Thursday, April 29, 2010

Thursday, April 15, 2010

LA ANONIMA



So my friend Tano has started a publishing house called LA ANONIMA. It's put out some really incredible books. I've been writing blurbs and descriptions for some of the titles. Here are a few:

ENDLESS SUM by Cayetano Ferrer


Endless Sum is a book about land and sun. Recounting a year’s worth of travels and art, Cayetano Ferrer presents a series of ideas, tales, and images in a constellation of themes featuring desert architecture, sun worshipping, atomic power, the coincidence of symbols and names, the boundlessness of the space, the predictable rupture of glaciers and casinos alike. Endless Sum is about walking with enough attention to discover resonances between unalike things. Scale is left out in favor of meaning. Glaciers become suns, invisible babies crowd-surf and like the reflection of sky on ocean, the land we occupy is the light we chase.


CASTAWAYS CAST AWAY published Anonymously

This book has only one word in it: castaways, whole and shattered. It appears on top of the falling building that is this book’s protagonist. Each turn of the page progresses into a suspended moment of the Castaways’ destruction. Backed by a dusty setting sun, chainlink fence, palmtrees, and their craned-neck metal cousins, the casino recedes to rubble, projectiles and pluming smoke. By stretching time Castaways becomes a synchedote for Las Vegas and its cultures. This dilation allows for a closer look emphasizing the spectacular, the garish and even the unintentionally beautiful in monumental demolition and waste.






EXPLOSION/IMPLOSION by Cayetano Ferrer



Explosion/Implosion is a set of compelling images detailing a forgotten history of the twin birth of the Las Vegas strip and atomic power. Girls in mushroom cloud bathing suits welcome readers to a desert oasis of irradiated pools, Stardust and Sands. Moving from postcards sent from this once-frontier to frames of their mirrored demise, Explosion/Implosion chronicles what for fifty years made the Nevada desert so bright.




A FIELD GUIDE TO CASINO CARPETS by David G. Schwartz



A Field Guide to Casino Carpets is fantasy text forged from real sources. It is an invitation to inhabit an architecture in a new way, a mode of engaging what is built to be background noise. It functions as a key for interpreting the minor details as the tell of a chaotic consumer culture and its bombastic aesthetics. A text on the moral necessity of ornament and how to make a useful pattern, William Morris’ “Some Hints on Pattern Making,” introduces dozens of Dr. David G. Schwartz's photos of carpets in Las Vegas casinos. Juxtaposing these fragments of living and dead casino décor with Morris’s 1884 text forces the us to consider the use and fact of “barbarous waste” evident in even the floors.



You should buy them all, or at least peruse the flash previews available on the website. These are intricate and dense works which function more to unravel than to explain.

Wednesday, April 7, 2010

BOO-FOON

Did you know I went to New York?

I did. And I didn't take any pictures because I am real dingaling.

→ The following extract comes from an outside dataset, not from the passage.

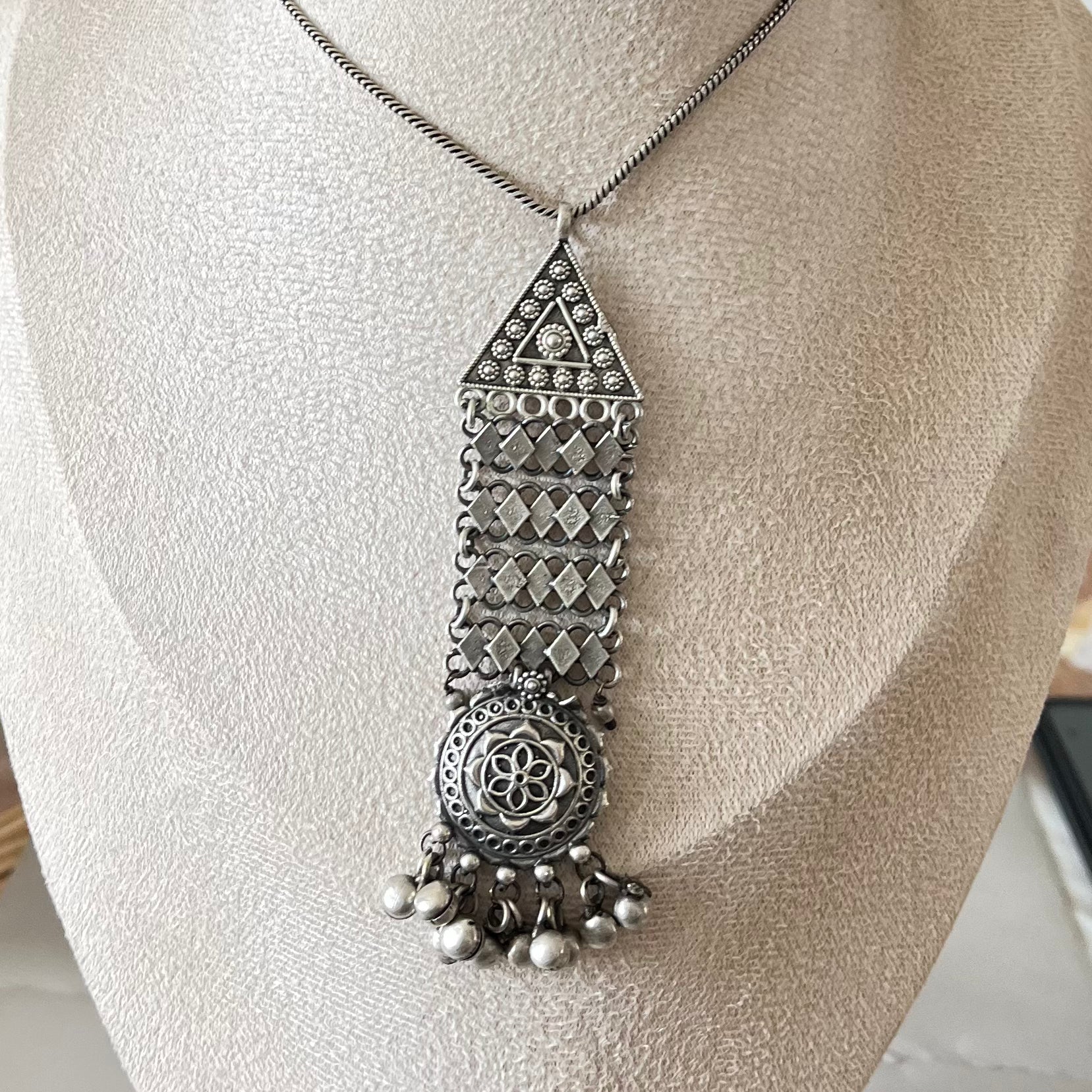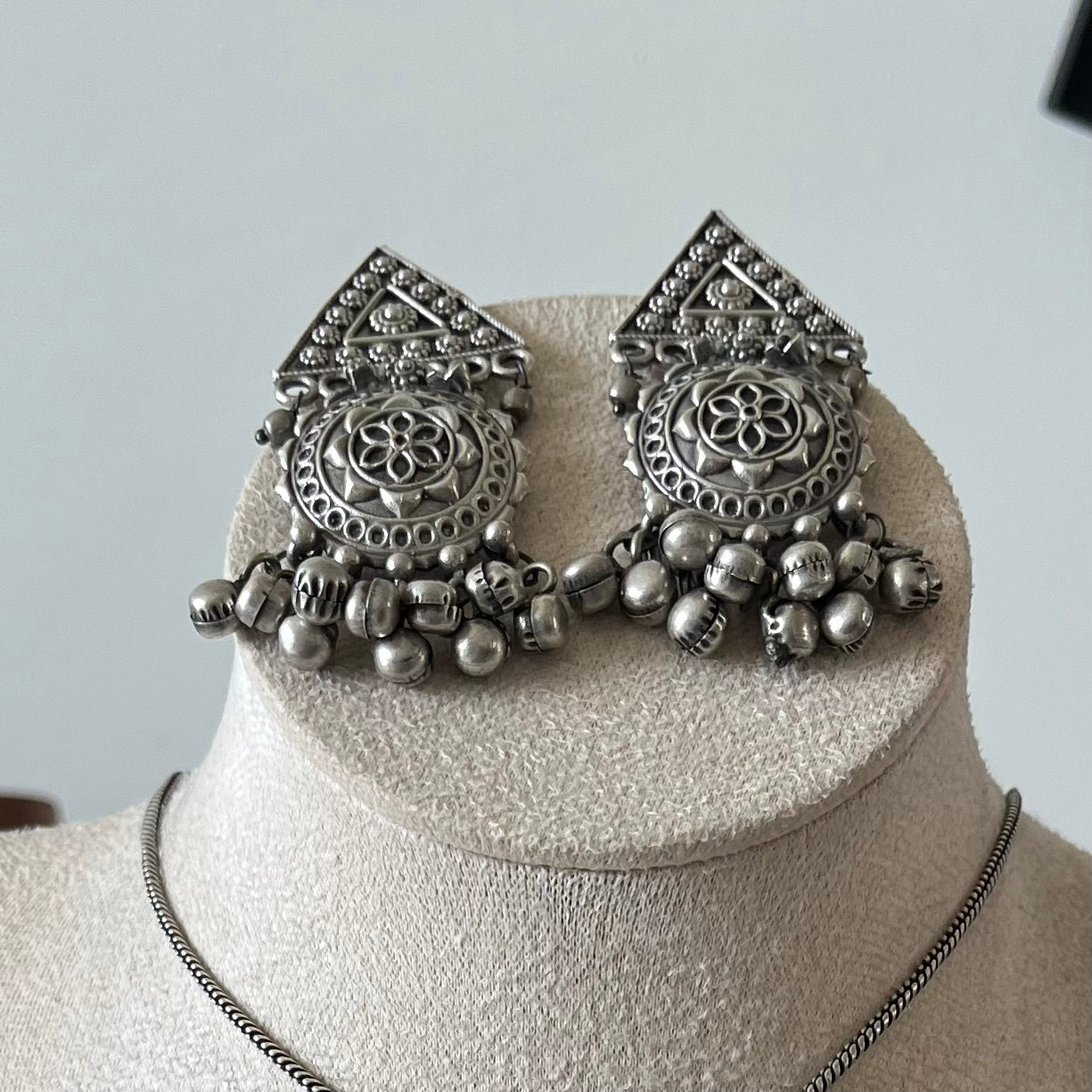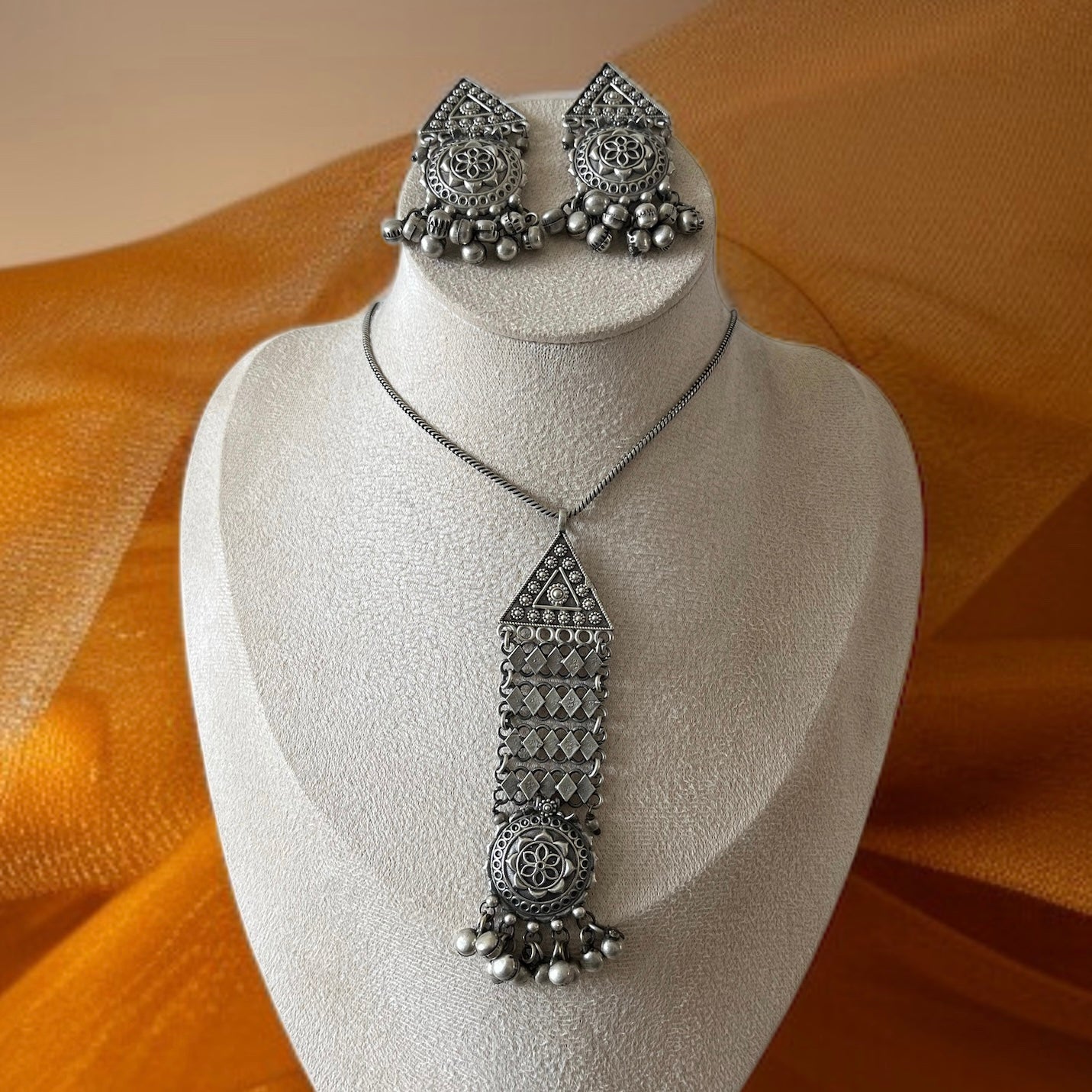 Silver Oxidised Drop Necklace Set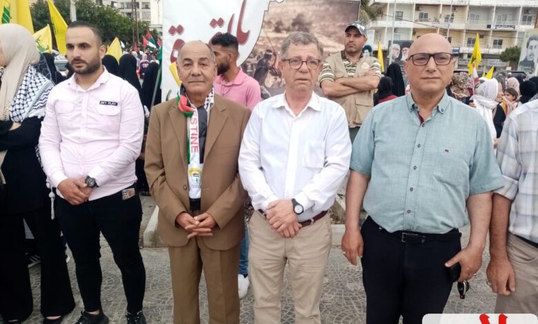 وقد أدلى الكاتب الدكتور عماد سعيد بتصريح أشار فيه بهذه الوقفة التضامنية الفلسطينية اللبنانية التي تذكرنا على الدوام بعدالة القضية الفلسطينية وحق الشعب الفلسطيني بمقاومة الاحتلال وفي، العودة إلى ارضه وقيام دولته المستقلة وعاصمتها القدس الشريف ٠

I went to Amber and Jeremy's new house in Warwick. SO RAD. It was gross outside for a lot of the trip. Hot toddies and delivery. But, I went with Jesse Jane to get my nails done for the first time since Angi and I got acrylic nails with illegal credit at a Walmart when I was 16. I remember specifically ripping them off in the shower the day before we left for Michigan Fest (no nails in the pit).


I am obsessed with this ghost. It is making the most anxious, displeased face. I love ghosts.




Ghost Dog


Here's a photo I took when I was on a twelve hour layover in Philly on my way to Bangkok.

TattleTale Association R. Giordano, 2009.

I have no idea how there could be a woman and a baby waving at me between the the funny sign on the glass I was trying to take a photo of. Her head is completely out of proportion. I didn't notice they were even in the picture until my friend Lizzie who also takes photos of funny signs pointed it out to me. I was completely alone in a subway exit tunnel when I took the photo. I can't say for certain it was a haunting, but all signs point to ghoul.

Tuesday, April 6, 2010

SLIPPED MY MIND

that I could use my brain.



I love that dweeb in the brown shirt.